Recently, I encountered a project that needed to check the memory data and determine whether it was the same as the original value. I saw the existing algorithm MD5 CRC, and I felt that the speed was not satisfactory, therefore, I wrote a high-speed algorithm for detecting memory data.
This algorithm improves the verification speed by leveraging the advantages of multiple data commands in a single command of the cpu mmx microcommand, especially for large data volumes.

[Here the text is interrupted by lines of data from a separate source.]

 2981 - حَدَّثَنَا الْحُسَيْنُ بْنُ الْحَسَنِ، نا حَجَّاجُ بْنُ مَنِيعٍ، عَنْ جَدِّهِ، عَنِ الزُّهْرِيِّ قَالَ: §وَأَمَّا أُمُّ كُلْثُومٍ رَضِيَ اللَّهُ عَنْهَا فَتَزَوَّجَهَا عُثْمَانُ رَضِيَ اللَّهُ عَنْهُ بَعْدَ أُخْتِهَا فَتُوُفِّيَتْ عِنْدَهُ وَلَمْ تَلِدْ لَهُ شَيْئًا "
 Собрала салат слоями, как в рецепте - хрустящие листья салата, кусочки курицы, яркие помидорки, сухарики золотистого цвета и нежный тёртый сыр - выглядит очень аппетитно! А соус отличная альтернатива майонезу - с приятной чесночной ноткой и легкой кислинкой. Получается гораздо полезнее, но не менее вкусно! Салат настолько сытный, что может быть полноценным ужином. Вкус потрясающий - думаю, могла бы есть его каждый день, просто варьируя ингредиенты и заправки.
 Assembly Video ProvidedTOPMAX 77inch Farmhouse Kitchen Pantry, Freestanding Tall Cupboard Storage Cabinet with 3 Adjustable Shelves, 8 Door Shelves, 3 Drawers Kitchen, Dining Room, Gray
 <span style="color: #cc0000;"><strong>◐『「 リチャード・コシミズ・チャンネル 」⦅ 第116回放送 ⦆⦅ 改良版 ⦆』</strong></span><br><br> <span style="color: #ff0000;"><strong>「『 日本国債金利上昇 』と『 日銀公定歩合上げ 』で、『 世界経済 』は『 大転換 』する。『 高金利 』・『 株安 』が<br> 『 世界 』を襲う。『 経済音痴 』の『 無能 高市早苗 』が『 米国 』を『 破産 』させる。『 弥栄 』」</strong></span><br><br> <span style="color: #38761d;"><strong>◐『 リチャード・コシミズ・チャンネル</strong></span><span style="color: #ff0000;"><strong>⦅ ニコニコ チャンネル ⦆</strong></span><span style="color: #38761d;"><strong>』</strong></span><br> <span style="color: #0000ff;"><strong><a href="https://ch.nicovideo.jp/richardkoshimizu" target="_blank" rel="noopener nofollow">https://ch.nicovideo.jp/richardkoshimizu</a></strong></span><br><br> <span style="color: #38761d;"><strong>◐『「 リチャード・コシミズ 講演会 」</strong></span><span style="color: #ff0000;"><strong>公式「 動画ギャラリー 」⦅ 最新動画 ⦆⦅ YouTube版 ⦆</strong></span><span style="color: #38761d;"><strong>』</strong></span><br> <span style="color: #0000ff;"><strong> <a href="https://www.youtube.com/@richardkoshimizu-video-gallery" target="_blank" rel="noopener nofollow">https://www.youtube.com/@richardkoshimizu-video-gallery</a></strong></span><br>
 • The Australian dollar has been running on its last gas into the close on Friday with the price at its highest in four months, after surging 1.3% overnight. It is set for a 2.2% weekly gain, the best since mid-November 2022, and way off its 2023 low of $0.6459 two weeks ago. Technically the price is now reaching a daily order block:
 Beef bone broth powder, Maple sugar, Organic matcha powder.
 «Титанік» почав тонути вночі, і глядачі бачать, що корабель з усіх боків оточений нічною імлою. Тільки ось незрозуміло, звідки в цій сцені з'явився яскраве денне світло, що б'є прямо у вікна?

1. Algorithm for obtaining the original memory data verification value:
Function getmemoryvalue (asource: pointer; asize: DWORD): pint64; {used to obtain the matching code of the specified memory MMX and checkmemory}
ASM
MoV ESI, asource // start address
MoV ECx, asize // Length
SHR ECx, 6 // except 64
MoV eax, 0
Emms
Pxor mm0, mm0
Pxor MM1, MM1
Pxor mm2, mm2
Pxor mm3, mm3
Pxor mm4, mm4
Pxor MM5, MM5
Pxor mm6, mm6
Pxor mm7, mm7
@ Xorloop:
Pxor mm0, qword PTR [ESI + eax]
Pxor MM1, qword PTR [ESI + eax + $8]
Pxor mm2, qword PTR [ESI + eax + $10]
Pxor mm3, qword PTR [ESI + eax + $18]
Pxor mm4, qword PTR [ESI + eax + $20]
Pxor MM5, qword PTR [ESI + eax + $28]
Pxor mm6, qword PTR [ESI + eax + $30]
Pxor mm7, qword PTR [ESI + eax + $38]
Add eax, $40 // 64
Sub ECx, 1
Jnz @ xorloop
Pxor mm0, MM1
Pxor mm0, mm2
Pxor mm0, mm3
Pxor mm0, mm4
Pxor mm0, MM5
Pxor mm0, mm6
Pxor mm0, mm7
Lea eax, [esp + $8] // mmxvalue
Movq qword PTR [eax], mm0 // Save the result of MMX operation
Sfence
Emms
End;
2. Memory Data check Value algorithm:
Function checkmemory (asource: pointer; asize: DWORD; mmxvalue: pint64): Boolean;
{Memory verification detection. If mmxvaule is set to the normal memory value, it is obtained by getmemoryvalue. If modified, true is returned}
ASM
MoV ESI, asource // start address
MoV ECx, asize // Length
SHR ECx, 6 // except 64
MoV eax, 0
Emms
Pxor mm0, mm0
Pxor MM1, MM1
Pxor mm2, mm2
Pxor mm3, mm3
Pxor mm4, mm4
Pxor MM5, MM5
Pxor mm6, mm6
Pxor mm7, mm7
@ Xorloop:
Pxor mm0, qword PTR [ESI + eax]
Pxor MM1, qword PTR [ESI + eax + $8]
Pxor mm2, qword PTR [ESI + eax + $10]
Pxor mm3, qword PTR [ESI + eax + $18]
Pxor mm4, qword PTR [ESI + eax + $20]
Pxor MM5, qword PTR [ESI + eax + $28]
Pxor mm6, qword PTR [ESI + eax + $30]
Pxor mm7, qword PTR [ESI + eax + $38]
Add eax, $40 // 64
Sub ECx, 1
Jnz @ xorloop
Pxor mm0, MM1
Pxor mm0, mm2
Pxor mm0, mm3
Pxor mm0, mm4
Pxor mm0, MM5
Pxor mm0, mm6
Pxor mm0, mm7
MoV eax, [esp + $8] // mmxvalue
Movq MM1, qword PTR [eax] // read Value Comparison
Pxor mm0, MM1
Movq qword PTR [eax], mm0 // Save the result
Sfence
Emms
Xor esi, ESI
Cmp dword ptr [eax], ESI
JNE @ Fal
Cmp dword ptr [eax + 4], ESI
JNE @ Fal
XOR eax, eax // check successful
JMP @ exit
@ FAL: // check failed
MoV eax, 1
@ Exit:
End;
It must be noted that the algorithm has a defect that bytes must be aligned by 64 bytes. Otherwise, the detection will be incomplete and the last 1-63byte may not be detected, of course, you can also modify the above algorithm to automatically adapt to it. the above Code also has room for optimization, such as adding cache high-speed cache pre-read processing prefetchnta pre-read optimization speed. failed to join due to time shortage.